Most EU Member States have consistently underperformed in their efforts to reach the targets for adult participation in lifelong learning, set by the European Union to satisfy the needs arising from demographic trends and technological change.
In 2010, the EU had set a target of 15% of adults participating in lifelong learning by 2020. Then this was raised to be close to 50% by 2025, clearly reflecting Europe’s need for reskilling and upskilling its workforce.
However, only a handful of Member States met the 2020 target. The EU average in 2019 was 11.8% and fell to 9.2% in 2020, mostly due to the COVID-19 pandemic. To get to the bottom of this issue, Cedefop launched a pan-European opinion survey on adult learning and continuing vocational education and training (CVET) in 2019 and developed policy recommendations.
The survey results affirm adults’ positive views about learning, CVET and the need for new skills. They also reveal that not enough adults take part in CVET, even though a significant proportion of the adult working population lack certain skills. This indicates that the need to improve skills is not always sufficient motivation and participation needs to be linked with other forms of ‘reward’.

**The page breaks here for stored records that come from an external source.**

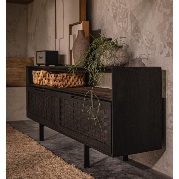 Este soporte de TV Karma con 2 cajones y 1 estante abierto es un precioso mueble de nuestra colección Karma. Esta unidad de dos cajones está hecha a mano con madera recuperada y tiene patas de hierro y cajones de ratán tejidos a mano con una hermosa estructura. La divertida posición de sus pies añade un toque más vintage de mediados de siglo al diseño. Este mueble es la elección perfecta para quienes buscan añadir un toque de encanto y elegancia a su hogar.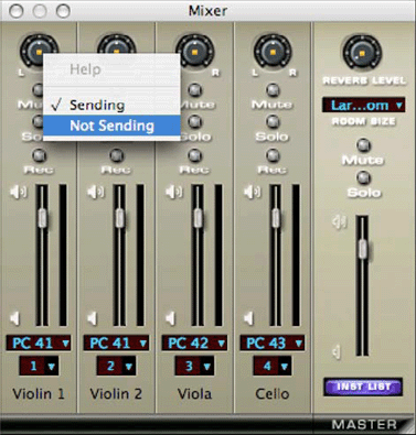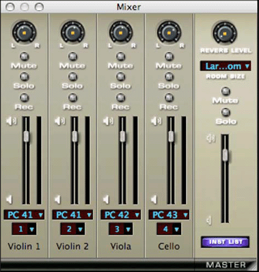 Finale’s mixer is laid out just like a real mixing board, with a volume slider, a pan dial, and mute and solo buttons for each instrument, as well as a Master volume control at the far right. Here’s what the Mixer looks like for a string quartet: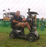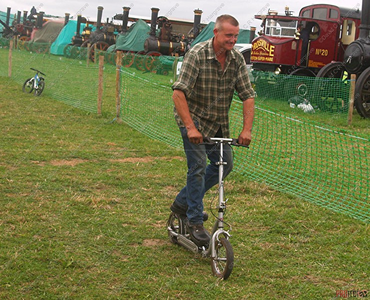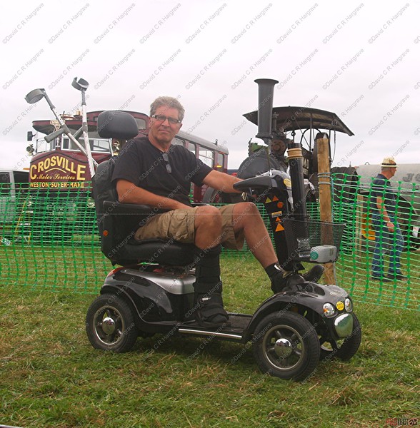 Despite breaking an ankle in Cornwall earlier this year, engine owner John White is not going to be left out of the mobility gang. Love the chimney the boys have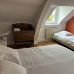 Notre chambre Ambre peut accueillir de 1 à 3 personnes. La chambre comprend un lit double et un lit simple. Vous aurez accès à deux salles de douches communes ainsi que des WC séparés communs. Le petit déjeuner, les serviettes ainsi que la taxe de séjour sont inclus dans le montant total.
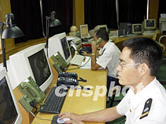 今年第八號強熱帶風暴“天鵝”預計二十一日傍晚在海南到湛江一線沿海登陸,湛江海事局交管中心工作人員利用先進的船舶交管系統(tǒng)(VTS)指揮船舶做好防風準備。作者:潘文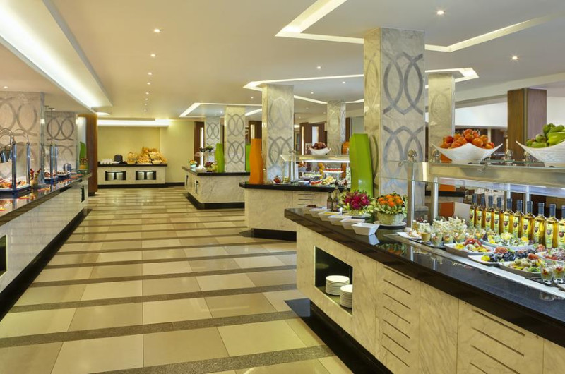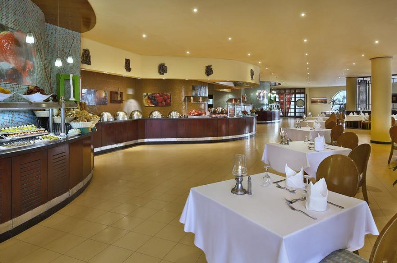 Hilton Sharks Bay Resort pune la dispoziția oaspeților un restaurant. Preparate din bucătăria locală și italiană așteaptă să fie degustate în fiecare zi. Masa poate fi servită atât în interior, cît si în aer liber, pe terasă, în funcție de vreme. Oaspeţii pot avea diverse băuturi răcoritoare sau alcoolice la bar. În cadrul proprietății există și un snack bar care servește băuturi și gustări. Pentru cei cu anumite nevoi de nutriție, Hilton Sharks Bay Resort oferă meniuri pentru diete speciale.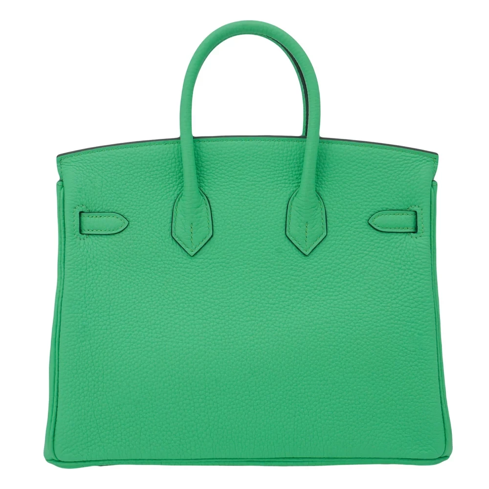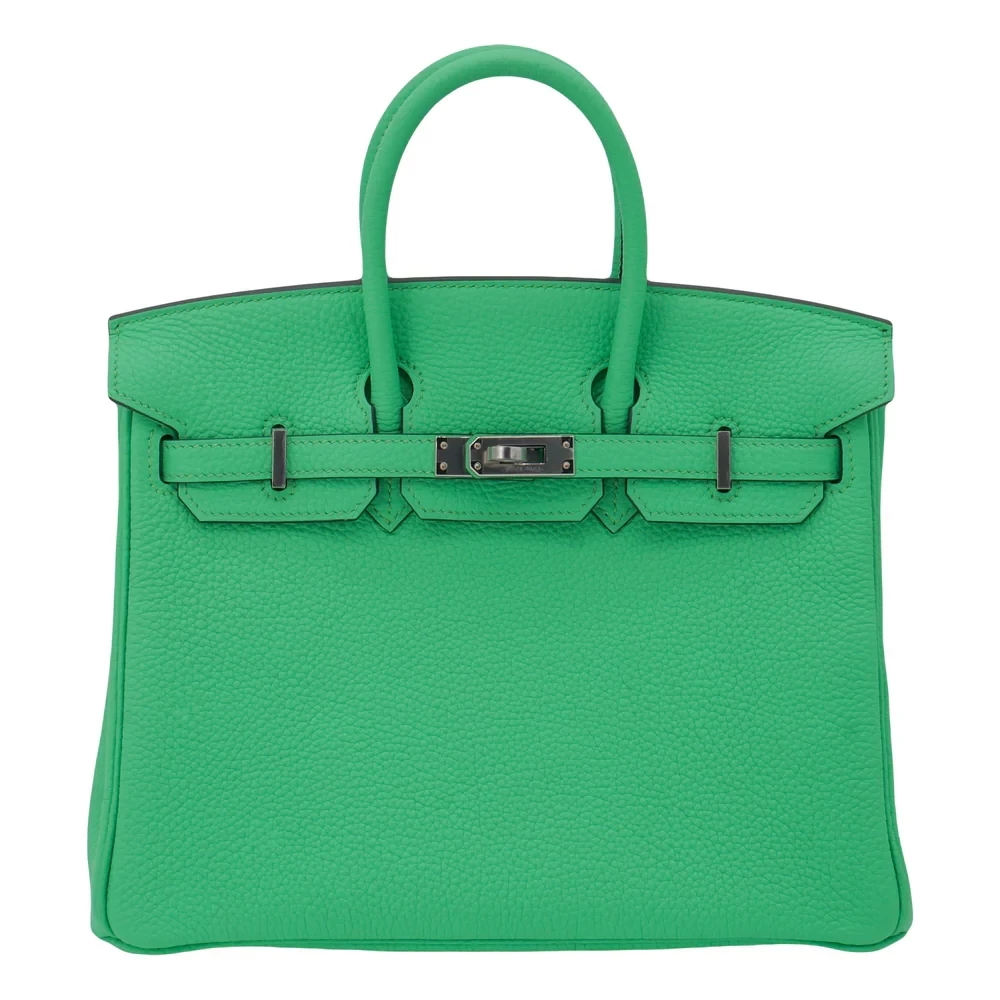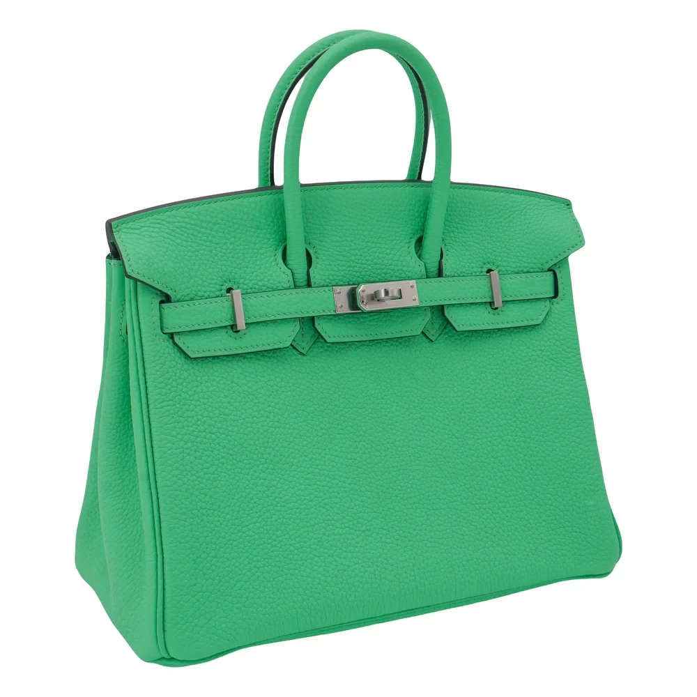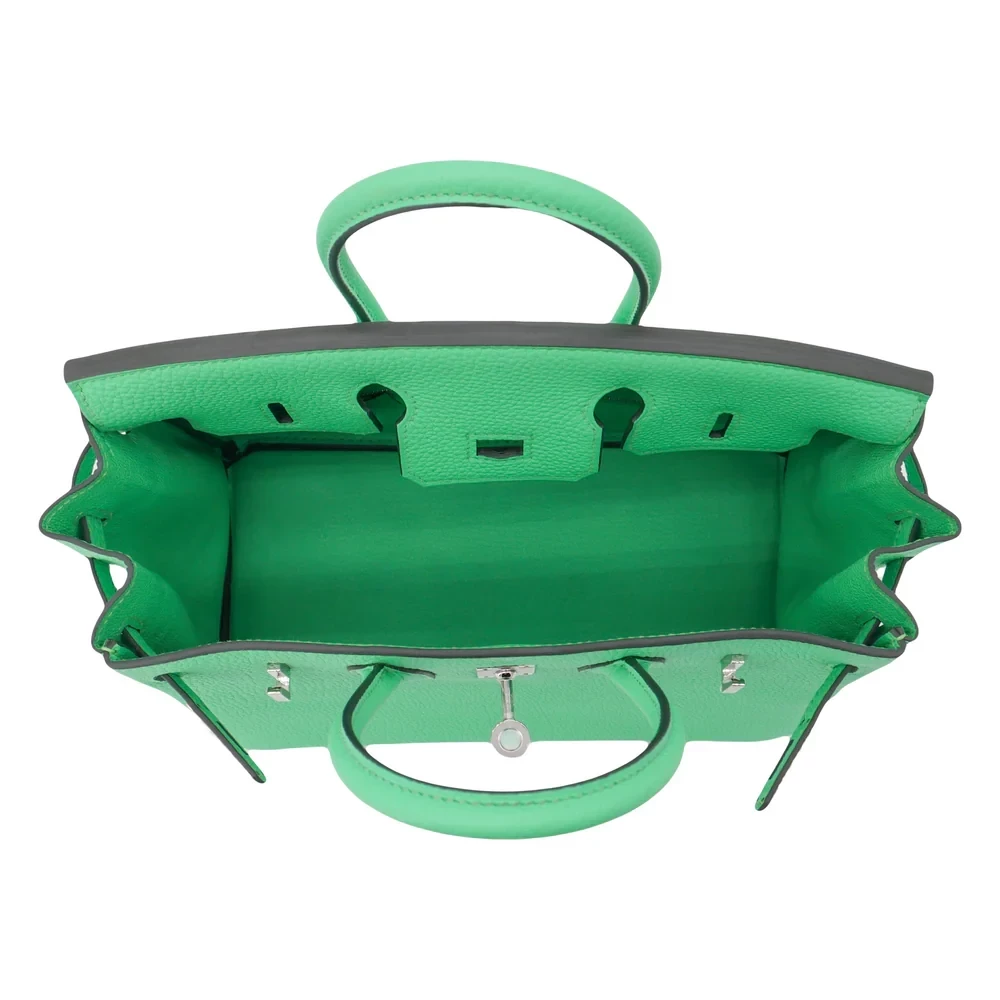 This Hermès style Birkin 25 features Vert Comics Togo leather, a playful lime green hue. Palladium hardware cools the 25cm design with modern edge. Soft Togo leather resists scratches and stays lightweight. Compact yet fits essentials like cards and keys. Pair with neutrals for bold contrast. Perfect for summer adventures or festivals. A burst of youthful energy.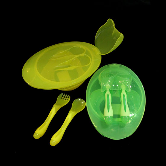 The feeding bowl set is finely made of tasteless and non-toxic material. It comes with a fork, a spoon and a bowl. This feeding bowl set is an ideal choice for outgoing use.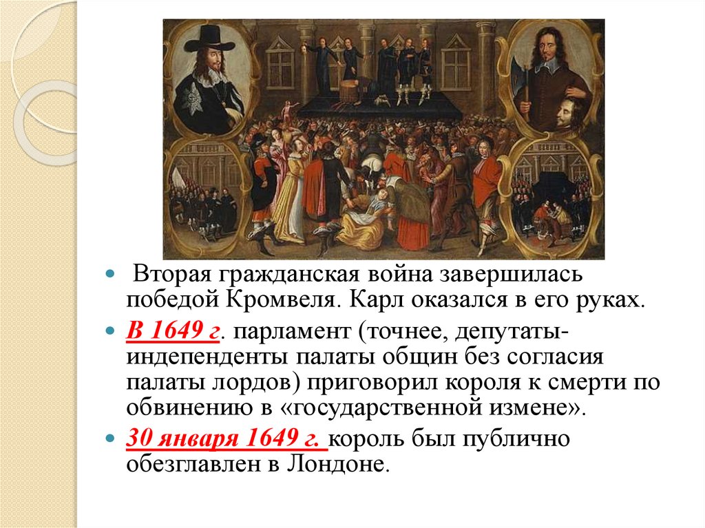 Вторая гражданская война завершиласьпобедой Кромвеля. Карл оказался в его руках.

Raising adult participation may require new, more learner-centric policies built on partnerships with the learner at the centre and where responsibility for and the benefits of learning are shared. The premise of learning is not to react to a new skill need; it is a continual process that supports adaptation to changing circumstances. It addresses individuals’ learning and circumstantial needs and helps them manage the labour market transitions that are particular to them.